Time series data requires specialized preprocessing techniques to capture temporal dependencies and handle seasonality. This example provides complete tools for time series feature engineering and decomposition.
Let’s make this super clear! Here’s how we can tackle this:
import pandas as pd
import numpy as np
from statsmodels.tsa.seasonal import seasonal_decompose
class TimeSeriesPreprocessor:
def __init__(self, freq='D'):
self.freq = freq
self.decomposition = None
def create_temporal_features(self, df, date_column):
df = df.copy()
df['date'] = pd.to_datetime(df[date_column])
# Extract temporal components
df['year'] = df['date'].dt.year
df['month'] = df['date'].dt.month
df['day'] = df['date'].dt.day
df['dayofweek'] = df['date'].dt.dayofweek
df['quarter'] = df['date'].dt.quarter
# Create cyclical features
df['month_sin'] = np.sin(2 * np.pi * df['month']/12)
df['month_cos'] = np.cos(2 * np.pi * df['month']/12)
df['day_sin'] = np.sin(2 * np.pi * df['dayofweek']/7)
df['day_cos'] = np.cos(2 * np.pi * df['dayofweek']/7)
return df
def decompose_series(self, series, period=None):
if period is None:
# Attempt to automatically detect period
from statsmodels.tsa.stattools import acf
acf_values = acf(series, nlags=len(series)//2)
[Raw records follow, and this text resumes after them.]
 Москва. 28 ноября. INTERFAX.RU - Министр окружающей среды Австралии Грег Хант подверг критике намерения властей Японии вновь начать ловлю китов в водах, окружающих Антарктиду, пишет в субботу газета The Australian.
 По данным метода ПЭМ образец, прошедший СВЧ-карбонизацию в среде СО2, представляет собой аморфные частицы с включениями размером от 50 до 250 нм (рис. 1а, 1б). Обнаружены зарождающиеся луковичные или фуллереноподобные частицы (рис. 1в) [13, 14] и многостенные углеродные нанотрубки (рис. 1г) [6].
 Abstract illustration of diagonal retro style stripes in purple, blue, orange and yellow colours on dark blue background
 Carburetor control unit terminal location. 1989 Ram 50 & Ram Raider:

period = np.argmax(acf_values[1:]) + 1
self.decomposition = seasonal_decompose(
series,
period=period,
extrapolate_trend='freq'
)
return pd.DataFrame({
'trend': self.decomposition.trend,
'seasonal': self.decomposition.seasonal,
'residual': self.decomposition.resid
})
# Example usage with synthetic time series data
dates = pd.date_range('2023-01-01', '2023-12-31', freq='D')
values = np.sin(np.arange(len(dates)) * 2 * np.pi / 365) + \
np.random.normal(0, 0.1, len(dates))
ts_data = pd.DataFrame({
'date': dates,
'value': values
})
preprocessor = TimeSeriesPreprocessor()
ts_features = preprocessor.create_temporal_features(ts_data, 'date')
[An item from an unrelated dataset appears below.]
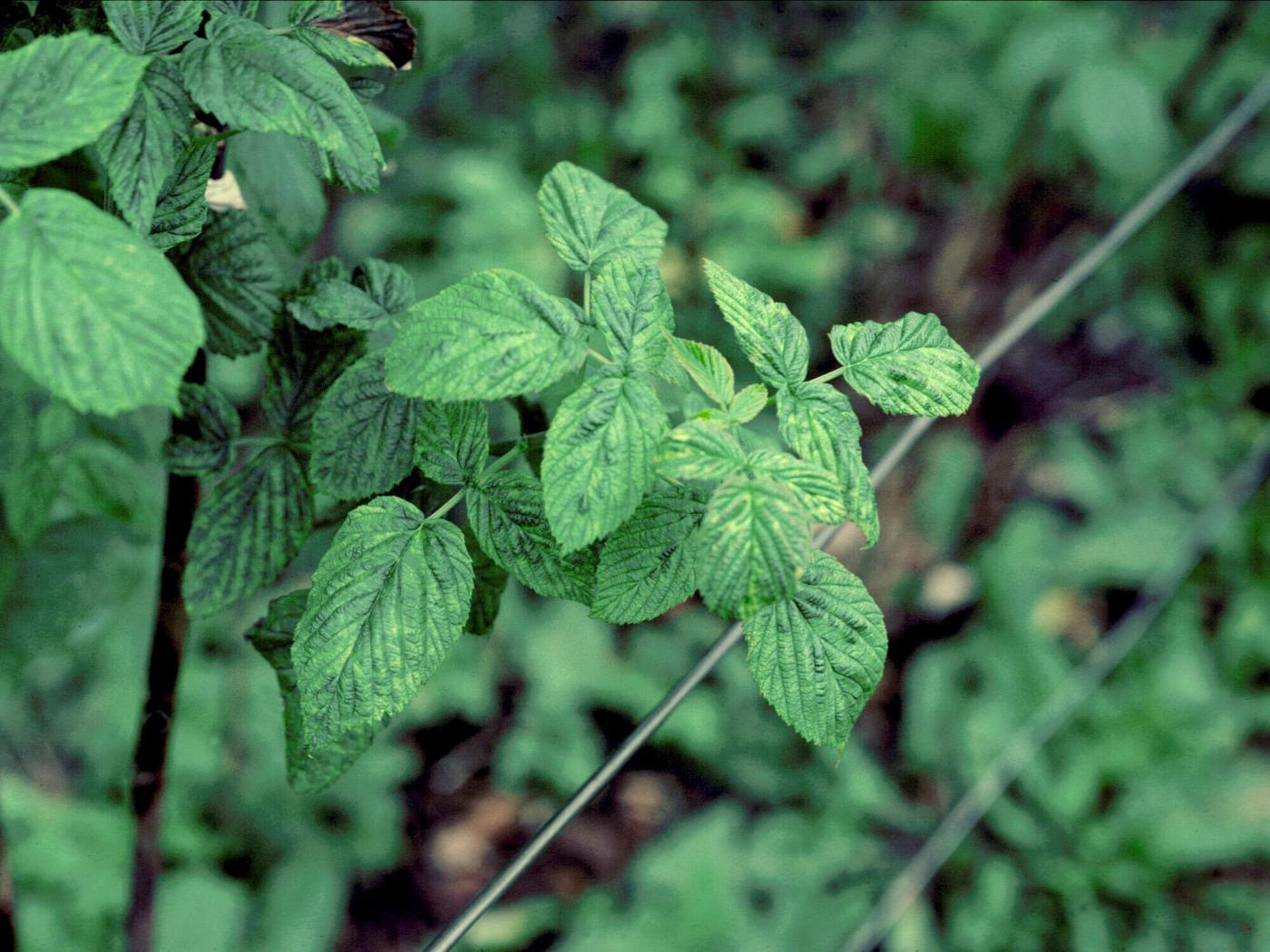 Description: Sur des feuilles de framboisier, présence d’une malformation du limbe et d’une mosaïque vert pâle à jaune. Ces symptômes sont caractéristiques d’une maladie virale dont la nature du virus n’a pu être précisée.
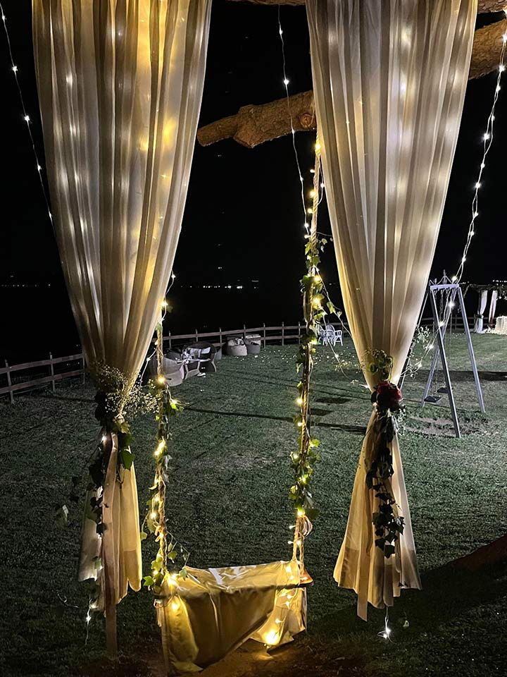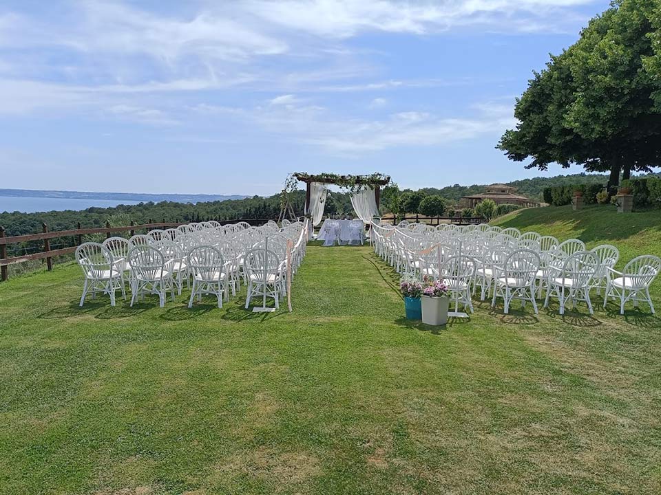 All’ interno del parco di 4 ettari, dotato di piscina ed angoli fioriti, potrete ricevere i vostri ospiti con un gradevole aperitivo di benvenuto, servito all’ombra dell’elegante gazebo. La terrazza panoramica, con circa 600 posti, sarà, invece, lo scenario perfetto per il banchetto durante la bella stagione. Se preferirete, nella sala interna avrete un ambiente elegante, accogliente e climatizzato, con circa 300 coperti. La location è dotata di una sala ricevimenti, una terrazza panoramica con vista lago, il verde giardino con piscina a bordi fioriti, Disponibilità per cerimonie con rito civile, Suite nunziale, ampio parcheggio e servizio di allestimento e catering con un solo evento al giorno fino alle 02:00.

decomposition = preprocessor.decompose_series(ts_data['value'], period=365)
print("Temporal Features:\n", ts_features.head())
print("\nDecomposition Components:\n", decomposition.head())
🚀 Text Data Preprocessing Pipeline - Made Simple!
Text data requires specialized cleaning and normalization techniques. This example provides a complete pipeline for text preprocessing, including cool tokenization and custom cleaning rules.
Here’s where it gets exciting! Here’s how we can tackle this:
import re
from nltk.tokenize import word_tokenize
from nltk.corpus import stopwords
from nltk.stem import WordNetLemmatizer
from string import punctuation
class TextPreprocessor:
def __init__(self, language='english'):
self.language = language
self.lemmatizer = WordNetLemmatizer()
self.stopwords = set(stopwords.words(language))
self.custom_patterns = {
'url': r'http[s]?://(?:[a-zA-Z]|[0-9]|[$-_@.&+]|[!*\\(\\),]|(?:%[0-9a-fA-F][0-9a-fA-F]))+',
'email': r'\b[A-Za-z0-9._%+-]+@[A-Za-z0-9.-]+\.[A-Z|a-z]{2,}\b',
'numbers': r'\b\d+\b',
'special_chars': f'[{re.escape(punctuation)}]'
}
def clean_text(self, text, remove_numbers=True):
text = text.lower()
# Remove URLs and emails
text = re.sub(self.custom_patterns['url'], ' URL ', text)
text = re.sub(self.custom_patterns['email'], ' EMAIL ', text)
# Handle numbers
if remove_numbers:
text = re.sub(self.custom_patterns['numbers'], ' NUM ', text)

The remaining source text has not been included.